One-Line Patch For Intel Meteor Lake Yields Up To 72% Better Performance, +7% Geo Mean

Collapse
X
 
  • Filter
  • Time
  • Show
Clear All
new posts

  • panikal
    replied
    Originally posted by coder View Post
    I like to tell people: "get it right, then make it fast". If the answer's not right (or the system isn't stable), I don't care how fast it is.

    Of course, I work in software. In hardware, I expect you tend to find stability problems that don't crop up until you run the thing at speed. However, if it's not stable at slow speeds, chances are the situation is going to be even worse at high speeds.
    The majority of the testing involved pushing specific patterns of 1s and/or 0s (patterns and codes were super proprietary) through the various busses and electrical connections at very high rates to trigger electromagnetic interference and "worst case" and "best case" data flow scenarios. By the time it's released a server board / CPU has had many tens of thousands of hours of testing maxing electrical connections to their corners.....and now we get meltdown and spectre.

    Testing is a constant struggle to evolve your methods against increasing complexity and change within a profitable time frame.
    ​​​

    Leave a comment:


  • coder
    replied
    Originally posted by panikal View Post
    Mainstream benchmarking was actually a separate process that occurred from Alpha onwards but was pretty lightweight compared to actual hardware validation that happened. The entire validation cycle could take 12-18 months.
    I like to tell people: "get it right, then make it fast". If the answer's not right (or the system isn't stable), I don't care how fast it is.

    Of course, I work in software. In hardware, I expect you tend to find stability problems that don't crop up until you run the thing at speed. However, if it's not stable at slow speeds, chances are the situation is going to be even worse at high speeds.

    Leave a comment:


  • panikal
    replied
    I did work on westmere, sandy bridge was halfway done when I left. Even then we did thousands of hours of validation per server board, per cycle (Alpha/Beta/silver/etc), using internal tooling and pattern testing in a ton of configs across a range of mainstream OS (Win/RHEL/SLES) - performance was part of it but not the focus of most testing... Mainstream benchmarking was actually a separate process that occurred from Alpha onwards but was pretty lightweight compared to actual hardware validation that happened. The entire validation cycle could take 12-18 months.
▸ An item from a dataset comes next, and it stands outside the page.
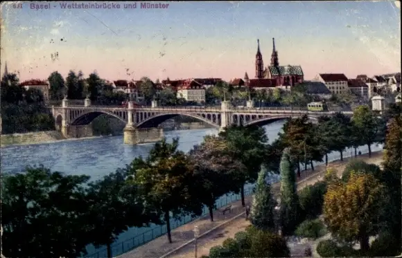 Ak Basel Bâle Stadt Schweiz, Wettsteinbrücke, Münster
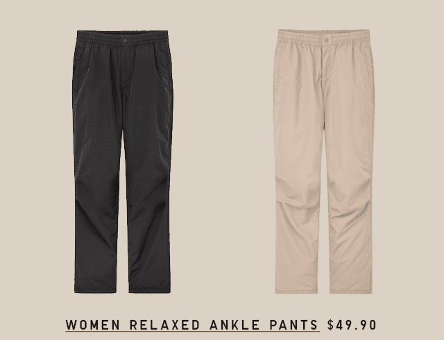 - The new collection’s relaxed ankle pants come in two different colors and sell for $49.90.

    There's hundreds of kernel knobs exposed that can tune performance so it doesn't surprise me stuff like this falls through the cracks no matter how robust the process gets.

    Leave a comment:


  • ms178
    replied
    Originally posted by panikal View Post

    Having done this actual job at Intel once upon a long time ago (specifically, recommend kernel/bios defaults for new product initiatives in the server division) I can say that these defaults (at least when I was doing it) were the result of setting 'sane' defaults and no one on either the kernel, bios, or product teams realizing that changing it and running a benchmark = big change.

    Stuff like this is often coded by a dev in a vacuum (red cover guide and maybe a prototype) , with minimal benchmarking on the initial roll-out scenarios because in order for the more main stream Engineering Product teams to test it has to be in a kernel, so tuning parameters like this....fall through the cracks. Someone chose a conservative default that sounded good at the time and no one revisited that decision until now..but someone at least DID revisit it!
    Thanks a lot for your valuable insights! I would have thought they would do a benchmark marathon with the concerning teams two weeks before release with lots of pizzas and soft drinks to tweak all possible knobs with experts from all teams together in a room on a weekend or two.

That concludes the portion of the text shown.